Requirement
Leaving out all pictures, transcribe the lines below exactly, from the first through the line containing "Kèm theo chuyện".

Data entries
--------

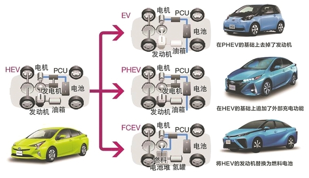 電動車,而是首先立足于擴(kuò)大電能應(yīng)用;而擴(kuò)大電能應(yīng)用的技術(shù)目前除了純電動技術(shù)(EV),還有混合動力(HEV)、外插充電混合動力(PHEV)、氫燃料
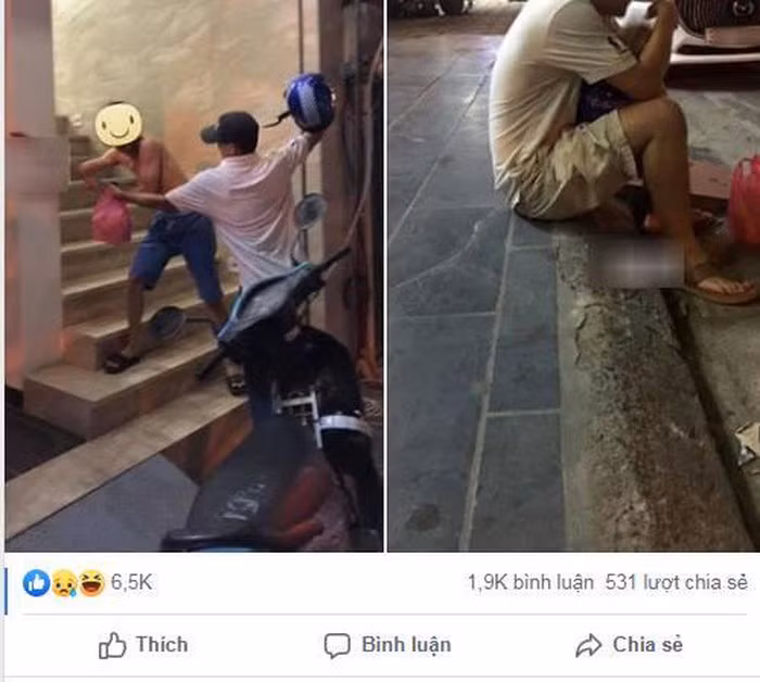 Kèm theo chuyện này là ảnh nam thanh niên đội nón lưỡi trai cầm mũ bảo hiểm làm động tác đánh người cởi trần, sau đó ngồi một mình trên vỉa hè.
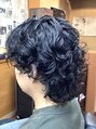 スパイキーアフロ チャコールグレー ショートセンターパート サーフフェザー プードルパーマ
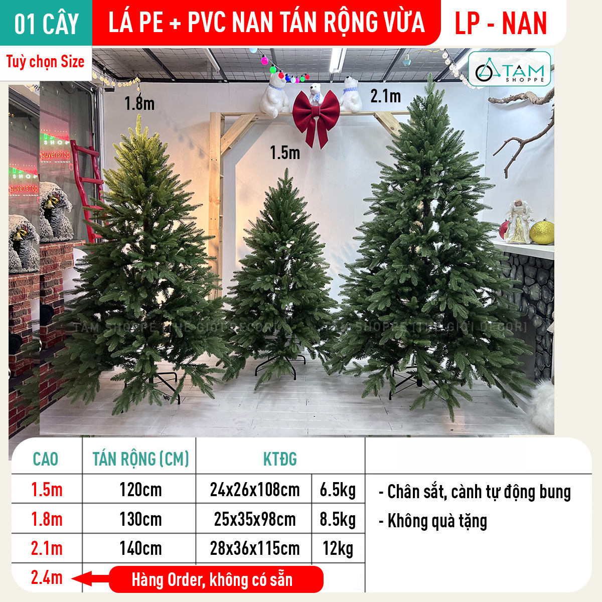 Cây thông Noel lá PE+PVC tán vừa [Cao 1m5-2m] trang trí đẹp mắt. Đồ trang trí Noel là các vật dụng, phụ kiện, hoặc mô hình được dùng để trang hoàng không gian trong dịp Giáng Sinh (Noel), nhằm tạo nên không khí ấm áp, vui tươi và mang đậm sắc màu lễ hội.
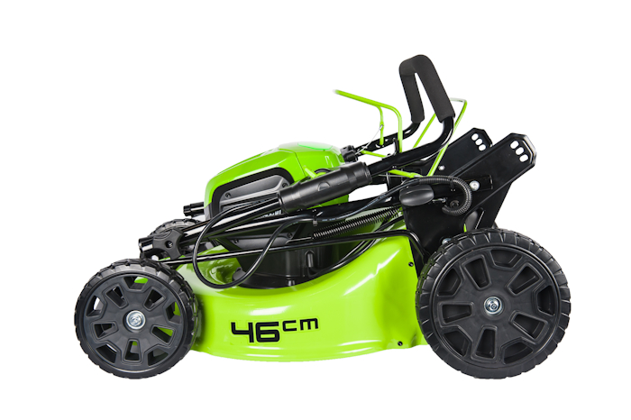 Газонокосилка аккумуляторная Greenworks, 60V, 46 см, самоходная, бесщеточная, без АКБ и ЗУ из полупрофессиональной линейки 60V. Интегрированная система экономии заряда батареи - ECO-Boost регулирует обороты двигателя в автоматическом режиме в зависимости от нагрузки на нож косилки. Для долговечной службы дека косилки, шириною 46 см, сделана из стали, а корпус из специального "мягкого" ABS пластика.
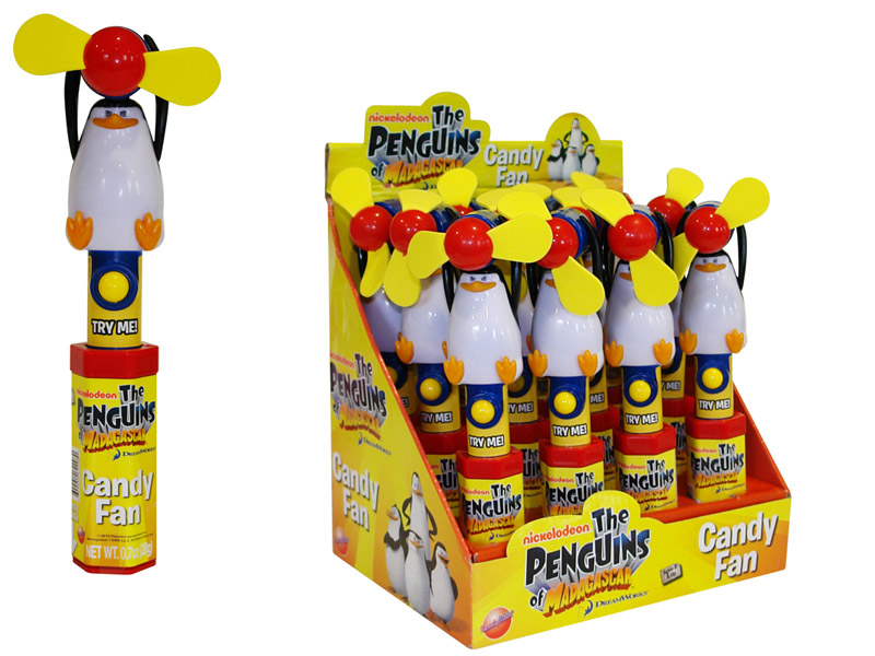 Item 12230: Cool off with these Penguins of Madagascar fans! Includes microbites candy in the handle. Packed (6) 12 count displays per case.
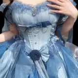 WLEQK Blue Dress + Гламурный стиль с Большим Хвостом платья + Четырехслойный Мягкий Петтикоат [Кольцо Float на Шее Не включено] Женское Лолита Платье
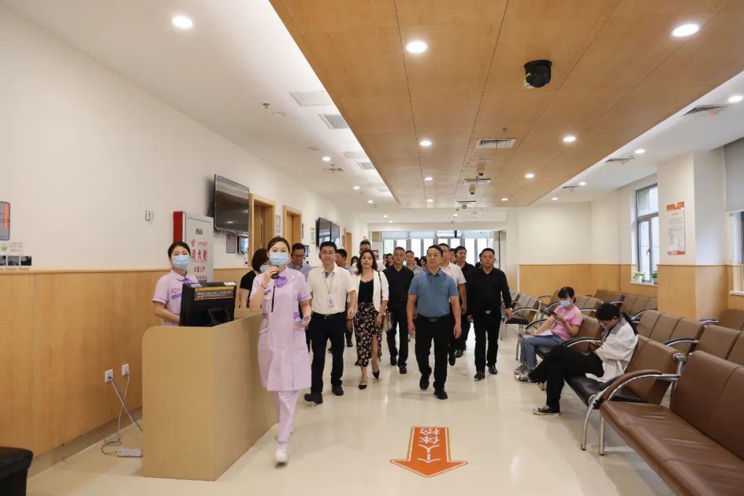 福建省江西商会青年分会一行应邀参观了体检科、泌尿肾脏病临床研究中心、特需门诊、胃肠疾病联合门诊等特色科室,小憩驿站、院史馆等地。王清茂副院长陪同讲解,对我院医疗设备以及就医环境做了简单介绍。

--------

Result of this task
 電動車,而是首先立足于擴(kuò)大電能應(yīng)用;而擴(kuò)大電能應(yīng)用的技術(shù)目前除了純電動技術(shù)(EV),還有混合動力(HEV)、外插充電混合動力(PHEV)、氫燃料
 Kèm theo chuyện này là ảnh nam thanh niên đội nón lưỡi trai cầm mũ bảo hiểm làm động tác đánh người cởi trần, sau đó ngồi một mình trên vỉa hè.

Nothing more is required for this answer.